Nel 2018 lo scrittore Roberto Saviano scrisse di Matteo Salvini che era “ministro della mala vita” argomentando tale definizione. L’ex Ministro dell’Interno, oggi alle Infrastrutture, come tanti altri politici italiani presentò una querela in Procura chiedendo che fosse accertata la responsabilità penale di Saviano per il reato di diffamazione a mezzo stampa. Da quel momento in poi Matteo Salvini si è totalmente disinteressato del procedimento, mandando persino (finora) di presentarsi un aula per spiegare le ragioni della querela in quanto parte offesa, come finora è definito. Il processo quindi è incagliato proprio perché il soggetto che ha detto alla Giustizia italiana di essere vittima di un reato non va poi dai giudici a dire perché. Di rinvio in rinvio sono passati anni (cinque) e la prossima udienza è fissata per giovedì 7 dicembre in Tribunale a Roma. Come spiega l’imputato Roberto Saviano in un post è prevista l’escussione del Ministro, che potrebbe, ancora una volta, addurre impedimenti legati a impegni istituzionali e saltare il turno. Un rinvio non sarebbe inferiore ai sei mesi, trattandosi di un processo senza detenuti e via così.

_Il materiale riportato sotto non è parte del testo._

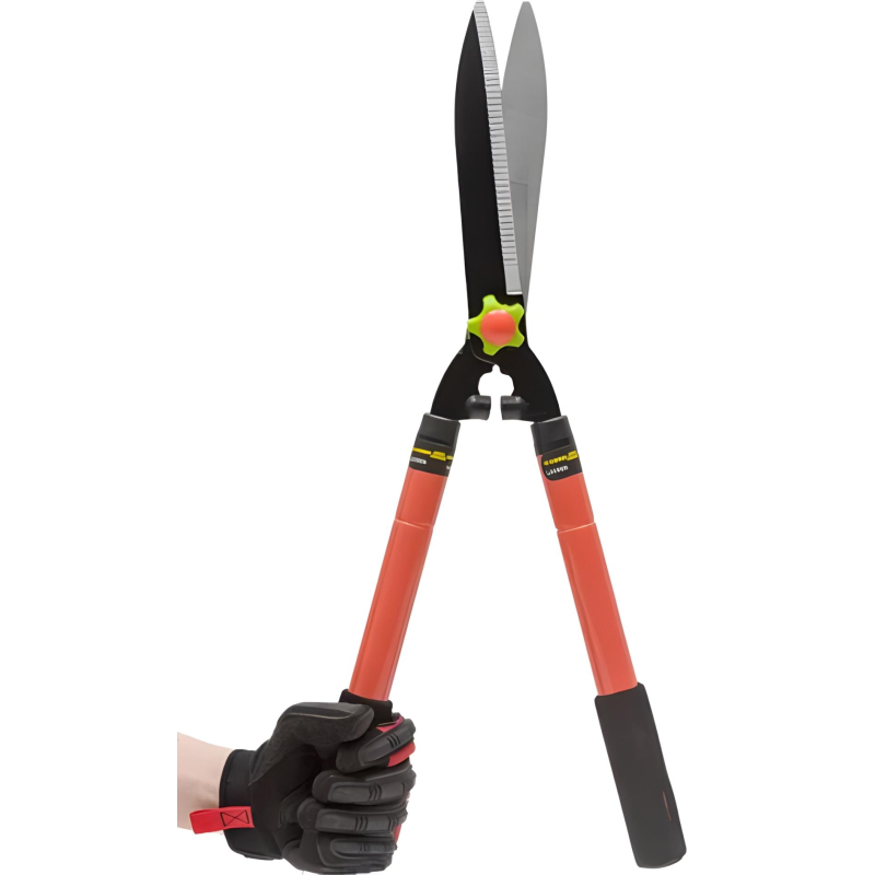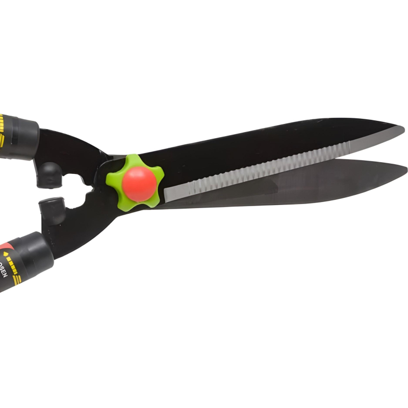 Инструмент представляет собой большие садовые ножницы с остро заточенными лезвиями. Имеет телескопическую рукоятку. Применяется для быстрой обрезки веток и листвы, подравнивания кустарников. Длина: 570–750 мм.

“Alle scorse udienze Salvini non si è presentato ma oggi, con le elezioni europee alle porte e il fallimento delle politiche sovraniste, ha bisogno di visibilità per alimentare la sua aspra battaglia interna con Giorgia Meloni. – scrive Saviano sul suo profilo social – Oggi a Salvini serve più di ogni altra cosa un pulpito. Magari sarà la volta buona in cui gli sentiremo dire ‘tutta la verità, nient’altro che la verità’. E non ridete, vi prego. Sarà l’occasione in cui Matteo Salvini, ministro della Repubblica Italiana, sotto giuramento, potrà finalmente spiegare tanti aspetti della sua carriera politica rimasti oscuri nel corso di questi anni. Lo aspetto giovedì 7 dicembre in Tribunale”.
Il processo a carico d Saviano con presunta parte offesa Salvini è, al di là della notorietà di entrambi, la prova plastica di cosa sono le querele per diffamazione a mezzo stampa in Italia. Piuttosto che azioni volte a difendere una lesione subita da ciò che è scritto in un articolo rappresentano vendette, punizioni, intimidazioni, avvertimenti, tanto che, proprio come sta facendo il Ministro, gli autori si dimenticano o snobbano l’andamento del processo. Questa prassi ha spinto il nostro Paese in vetta alle classifiche delle slapp in Europa (oltre il 40% del totale registrato in tutti i Paesi Ue). Un processo di questo tipo impiega mediamente sei anni per arrivare alla pronuncia di primo grado, un tempo lunghissimo durante il quale molti giornalisti non scrivono praticamente più del politico o della società che li ha querelati, tranne i pochi casi di grandi testate e autori famosi. Dunque questo è il risultato vero che una querela può (forse vuole) raggiungere.